We created the code in Ruby, so we had a little quick crash course on how it works, but Luke and Hanare kept it very beginner-friendly, and their encouragement and positivity made us all leave feeling like we could do ANYTHING.
One of the great things about this course is that the course fee went straight back into the OpenAustralia Foundation, which is all about gearing Australians (and beyond) up with the tools and information to help delve into and understand further our democratic process. They created and maintain morph.io which is such an amazing resource used by people all around the world (go and have a search of the available data sets on there), plus Open Australia, and Planning Alerts (https://www.openaustraliafoundation.org.au/projects/). Great stuff!

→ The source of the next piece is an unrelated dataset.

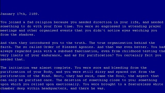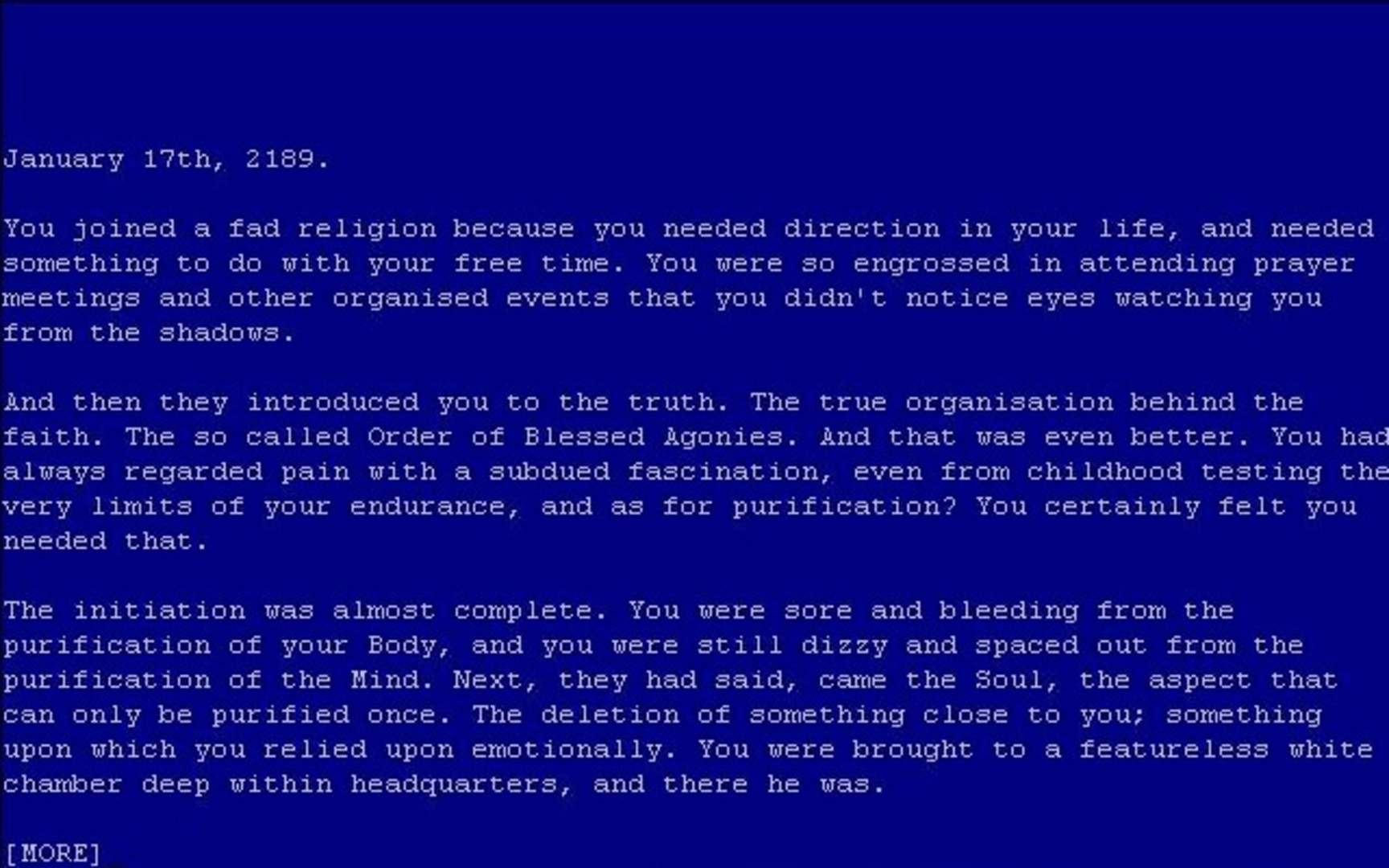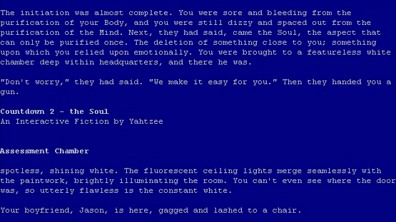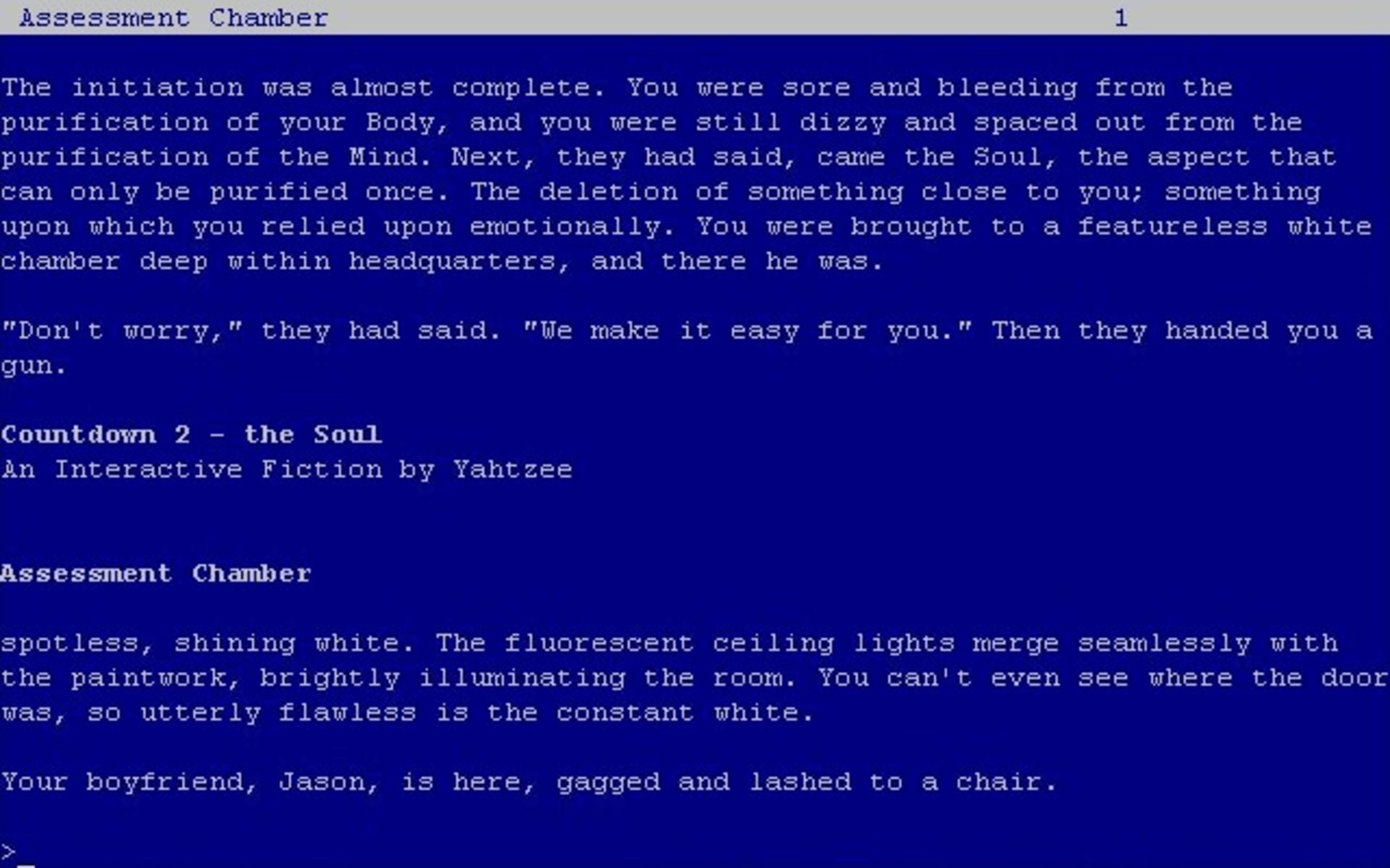 Countdown 2 - The Soul is the second of a trilogy of text adventure games released as a prequel, of sorts, to 6 Days a Sacrifice. Many of the events depicted expand on events in Trilby's Notes or 6 Days a Sacrifice. You are a new acolyte in the Order of Blessed Agonies. You have already purged your body and mind. Now you must purge your soul by killing your boyfriend Jason. The nightmares from that day still haunt you. You wander out of the women's dormitory and end up in the courtyard, where you meet a stranger in a tattered red robe. He has a task for you.

Having skills like this means getting access to data that may be "hidden" is easier. As we also discovered, it helps you understand further about data structures, and how data is classified by organisations. Peeping under the hood is fun!
Keep an eye out on the @OpenAustralia twitter feed for upcoming courses, as it’s definitely worth attending (I’d recommend it to all my data-loving MDSI comrades!). Oh, and they had catering from Fleetwood Machiato . Seriously very good!